| Required action |
Reproduce from the records below, with no pictures, exactly the lines between the one containing "Rushgleam Horse Native" and the one containing "Hoàng Lam là", inclusive.

##### Supplied information

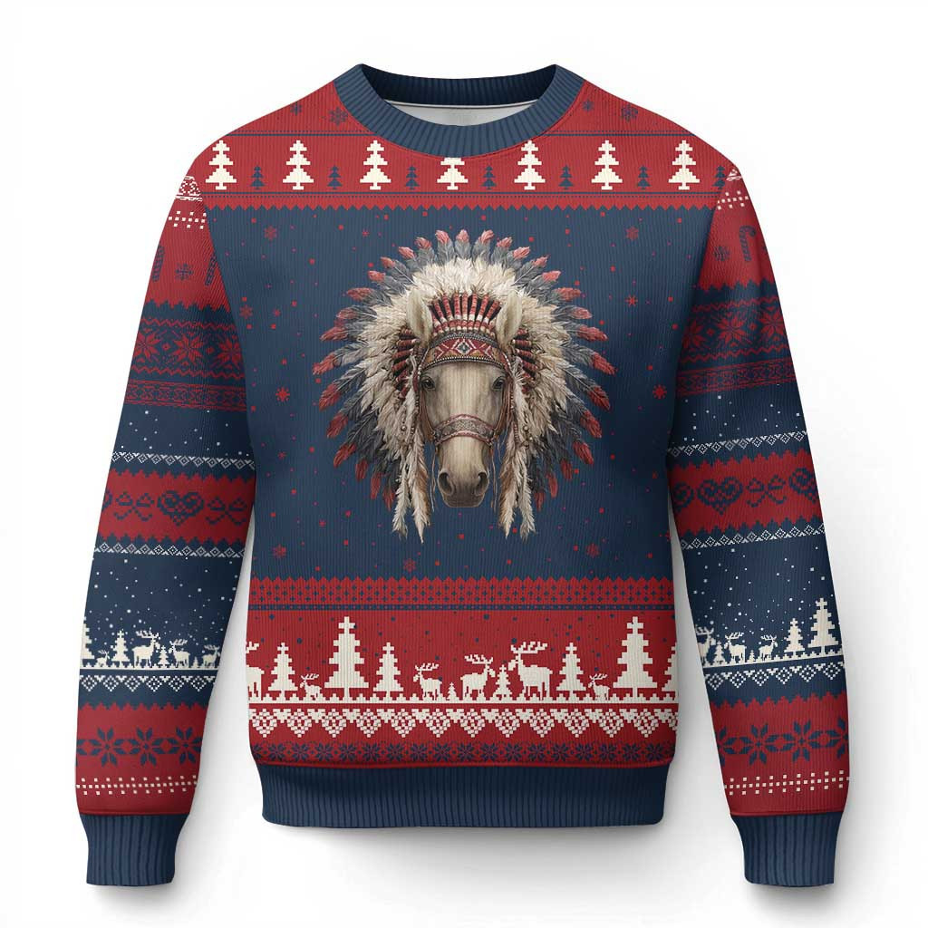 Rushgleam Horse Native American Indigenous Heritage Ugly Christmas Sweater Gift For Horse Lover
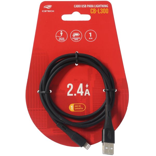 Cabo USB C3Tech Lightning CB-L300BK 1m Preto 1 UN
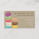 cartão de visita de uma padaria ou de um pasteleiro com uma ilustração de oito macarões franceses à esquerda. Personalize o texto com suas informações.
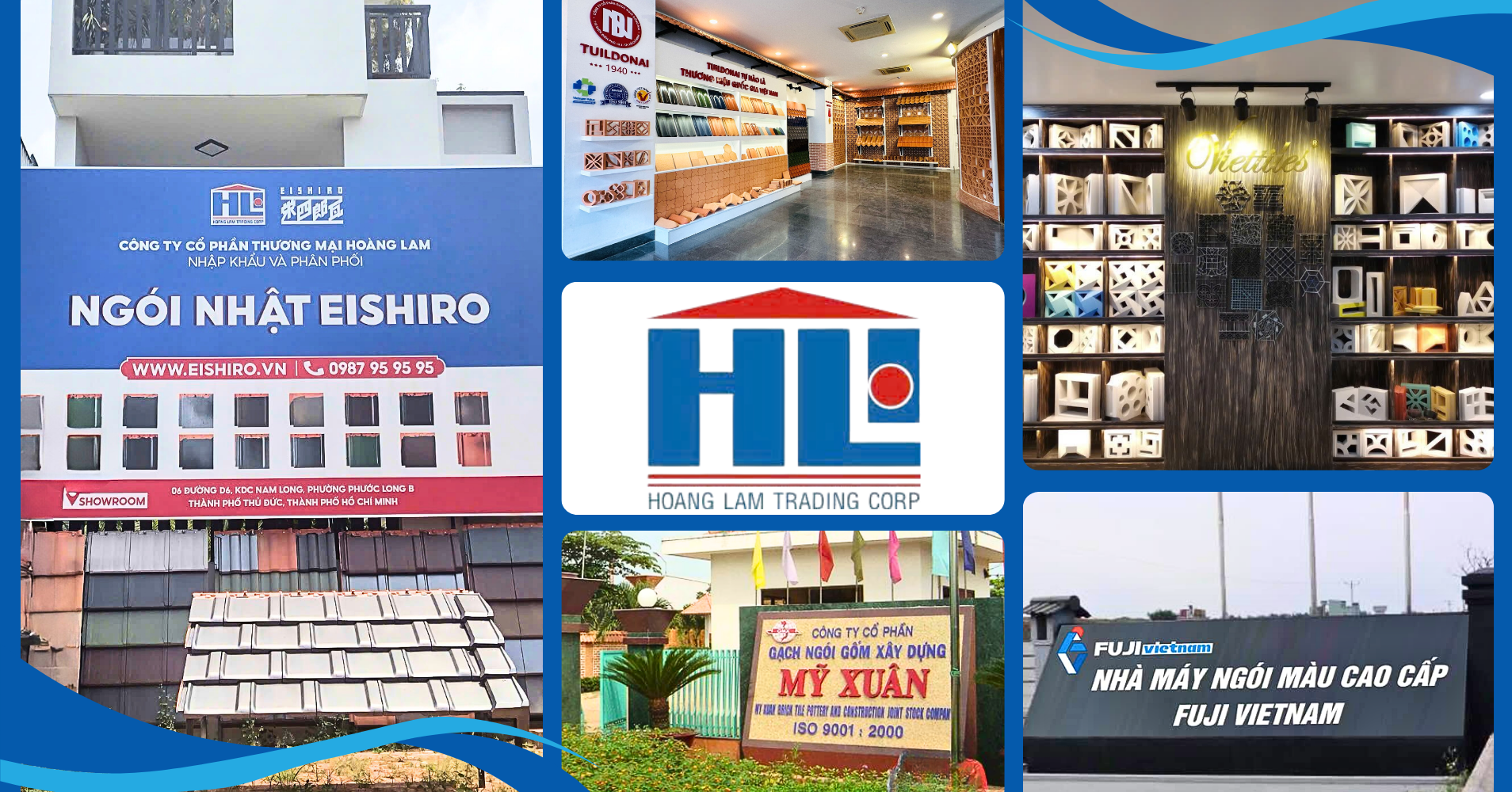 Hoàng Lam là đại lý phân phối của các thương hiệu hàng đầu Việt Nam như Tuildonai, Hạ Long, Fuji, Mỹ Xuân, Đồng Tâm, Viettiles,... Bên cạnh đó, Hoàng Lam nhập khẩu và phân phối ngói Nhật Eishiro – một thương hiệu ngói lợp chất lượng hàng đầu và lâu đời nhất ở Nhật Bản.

##########
##### Supplied information

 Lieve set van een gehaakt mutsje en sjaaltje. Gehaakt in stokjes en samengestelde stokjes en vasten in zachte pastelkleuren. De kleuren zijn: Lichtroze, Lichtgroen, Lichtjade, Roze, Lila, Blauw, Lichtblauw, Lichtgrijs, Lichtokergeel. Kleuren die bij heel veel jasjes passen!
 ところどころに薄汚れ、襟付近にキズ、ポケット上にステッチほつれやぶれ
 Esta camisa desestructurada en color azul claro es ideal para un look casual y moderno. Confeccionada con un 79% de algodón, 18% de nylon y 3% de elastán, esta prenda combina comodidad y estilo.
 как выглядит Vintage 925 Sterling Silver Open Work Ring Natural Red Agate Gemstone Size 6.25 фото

##########
##### Supplied information

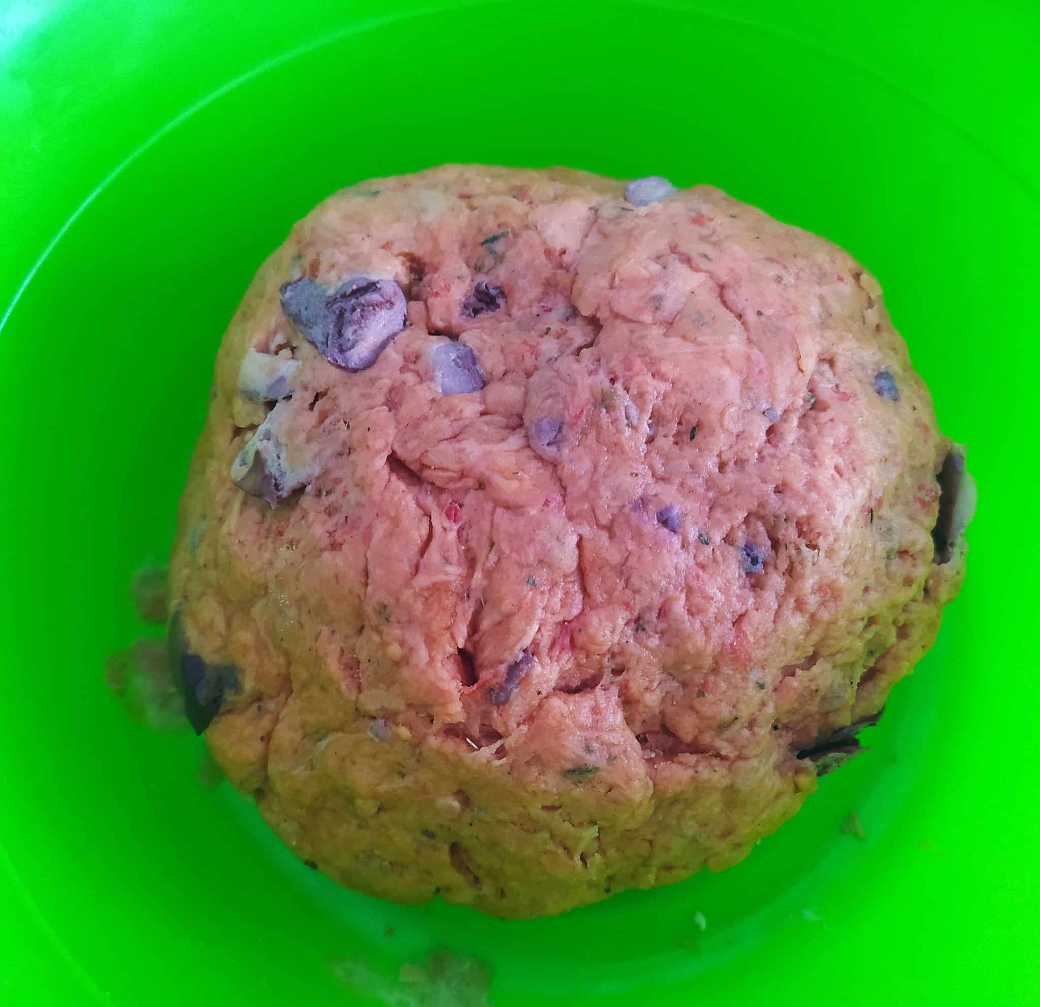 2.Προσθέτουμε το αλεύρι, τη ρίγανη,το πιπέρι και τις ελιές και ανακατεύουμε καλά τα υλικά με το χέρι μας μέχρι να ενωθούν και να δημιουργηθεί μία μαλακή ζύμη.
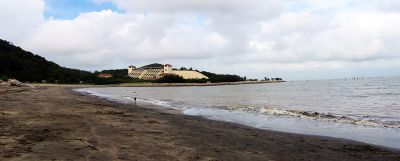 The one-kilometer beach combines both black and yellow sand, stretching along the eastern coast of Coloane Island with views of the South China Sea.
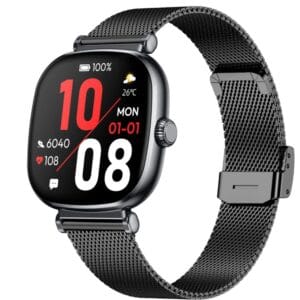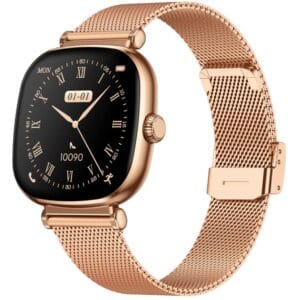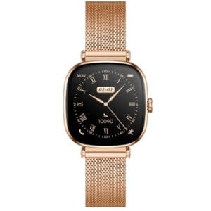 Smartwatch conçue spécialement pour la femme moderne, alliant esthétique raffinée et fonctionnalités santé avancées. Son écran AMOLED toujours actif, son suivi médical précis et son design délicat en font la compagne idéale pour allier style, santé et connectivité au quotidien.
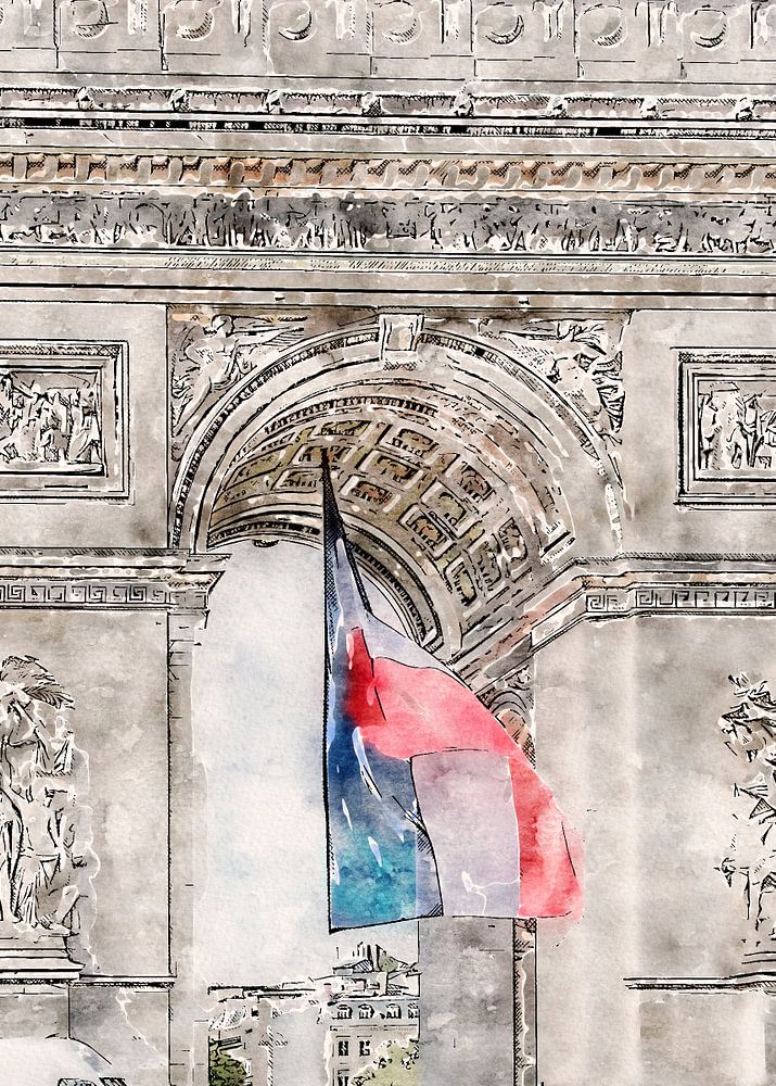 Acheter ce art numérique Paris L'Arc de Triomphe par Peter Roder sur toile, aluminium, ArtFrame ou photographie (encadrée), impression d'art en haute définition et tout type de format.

##########

| Solution below |
 Rushgleam Horse Native American Indigenous Heritage Ugly Christmas Sweater Gift For Horse Lover
 Cabo USB C3Tech Lightning CB-L300BK 1m Preto 1 UN
 cartão de visita de uma padaria ou de um pasteleiro com uma ilustração de oito macarões franceses à esquerda. Personalize o texto com suas informações.
 Hoàng Lam là đại lý phân phối của các thương hiệu hàng đầu Việt Nam như Tuildonai, Hạ Long, Fuji, Mỹ Xuân, Đồng Tâm, Viettiles,... Bên cạnh đó, Hoàng Lam nhập khẩu và phân phối ngói Nhật Eishiro – một thương hiệu ngói lợp chất lượng hàng đầu và lâu đời nhất ở Nhật Bản.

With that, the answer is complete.